Если вы были в Царском Селе, то могли обратить внимание на то, что арка между лицеем и дворцом - она слегка на холме. Если пройти внутрь нее (там дальше дворцовые хозяйственные постройки) и сесть на лавочку, то отчетливо видно, что эта арка и являет собой вечности жерло, поскольку люди, уходящие туда, - они на глазах проваливаются. А зимой-то - ну просто ухают в темноту.

Конечно, не это было причиной написания "Пира". Никакой связи. Но, чуть продлив предыдущее уподобление, придем к естественной мысли о том, что если что и провалилось, то дальше будет скучно, дальнейшее - говно.

Говном Сорокин занимается давно (не голем, сам он, в натуре). То есть - мы имеем тут гностический вариант, не придуманный, упаси Боже, а встроенный в человека, он-то и порождает примерно схожих пишущих големов. То есть големы Сорокина - это потомки последнего голема Державина. Некий расширенный царскосельский вариант. Поваренная книга мертвых, составленная бригадой гностиков еще в те времена, когда авиации не было, так что помыслить о том, что с неба может низойти человеческий кал, они не могли.

Главный вопрос здесь не тот, что сам Сорокин об этом думает. И даже не о том, что еще можно ждать от его голема. Понятно, что им обоим красиво херово, жопа в анатомических атласах тоже красива. Вопрос обратный: что этому голему в кайф?

Тут есть смешной перебор, учитывая, что книга издана в "Ад маргинеме" - в заявленной пограничной институции. Но конечно, А.Иванов правильно определил то, чего он хочет, а кого же ему печатать, когда не Сорокина? Хотя тут мы внедряемся в жизнь живых существ, о которой я ничего не знаю: а вдруг А.Иванов думает о мейнстриме?

Словом, век человека лет до семидесяти, а если повезет, то чуть больше - вот, все это об этом: у нас времени, когда в кайф, очень мало, и всякий раз оно очень кратко. Ну, пока не отцвел каперс, пока этот каперс еще не сожрали. В маринованном, доступном виде. Сколько банок каперсов - столько историй и запиши, а нет: со всех на свете каперсов - только одна история. Другая, она с чего-нибудь следующего. См. "Жрать!", г-ну Рубинштейну, Льву.
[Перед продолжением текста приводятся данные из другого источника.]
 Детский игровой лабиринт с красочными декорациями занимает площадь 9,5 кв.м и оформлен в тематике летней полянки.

Уже резюме: Пир у Сорокина представлен в самом правильном смысле, как у Робинзона Крузо. Более того, это книга описаний кайфов, вовсе не выводимых из того, что можно сожрать. Не в варианте, то есть, крученыховского Рембо о том, что будем лопать камни-скалы. Это о том, что может оказать - уже оказало - резкое воздействие на совокупность наших индрий. Это есть то, что у нас есть, когда мы висим тенями. Или то, что нам поможет узнать себя тенью. Степень интимности данного голема чрезвычайно близка к границе приличия наблюдать за чужим счастьем.

Теперь последний вопрос: разнообразие рецепторов сорокинского Голема выдуманное? Нет, тогда книги бы не было. А главное: смерть от отсутствия Невидимой Еды, как в "Лошадином Супе", что уже просто японский какой-то католицизм.
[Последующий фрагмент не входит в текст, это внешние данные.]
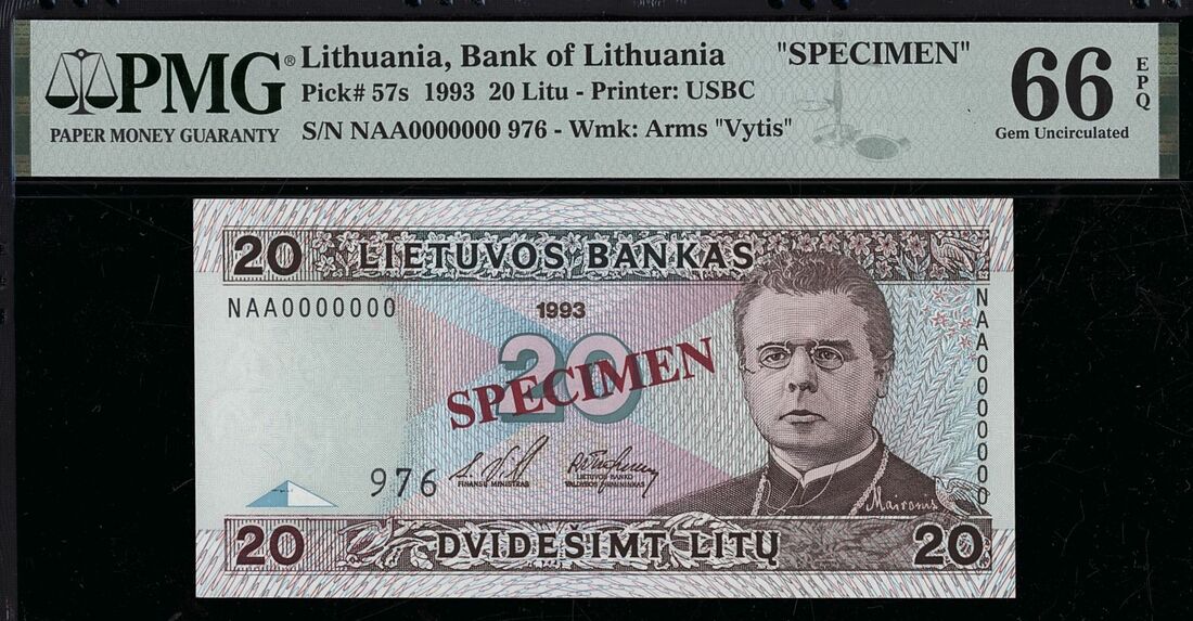 (x) Lietuvos Bankas, specimen 20 Litu, 1993, serial number NAA0000000 976,

В нас (суммируя) попадает какая-то В Высшем Смысле Еда, и мы, исполнясь на миг благодатью узнавшего нас вкуса, всю жизнь только и делаем, что описываем, как ее имели. Как поняли разницу между благодатью "салата из любовных писем" и "шерстяного золота".
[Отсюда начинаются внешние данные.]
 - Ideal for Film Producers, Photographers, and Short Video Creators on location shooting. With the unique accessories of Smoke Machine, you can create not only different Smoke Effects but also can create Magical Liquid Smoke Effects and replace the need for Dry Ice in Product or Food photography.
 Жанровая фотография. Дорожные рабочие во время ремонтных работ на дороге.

До того, чтобы написать коллективный сабантуй хорошо проваренных самими собой самих себя (сверху - вот-вот июльская гроза, плюс тридцать) пассажиров кольцевой, сорокинский голем не добрался. Не солженицынский он потому что: тот бы непременно упомянул и лагерных в вечно-мерзлотной упаковке. Голему Сорокина социальный дискурс чужд - ему лишь бы просто побыть сколь угодно малое время пусть даже вареньем из пейджеров. В чем есть присущая уже самому Сорокину сильная (отчужденностью) человеческая художественность.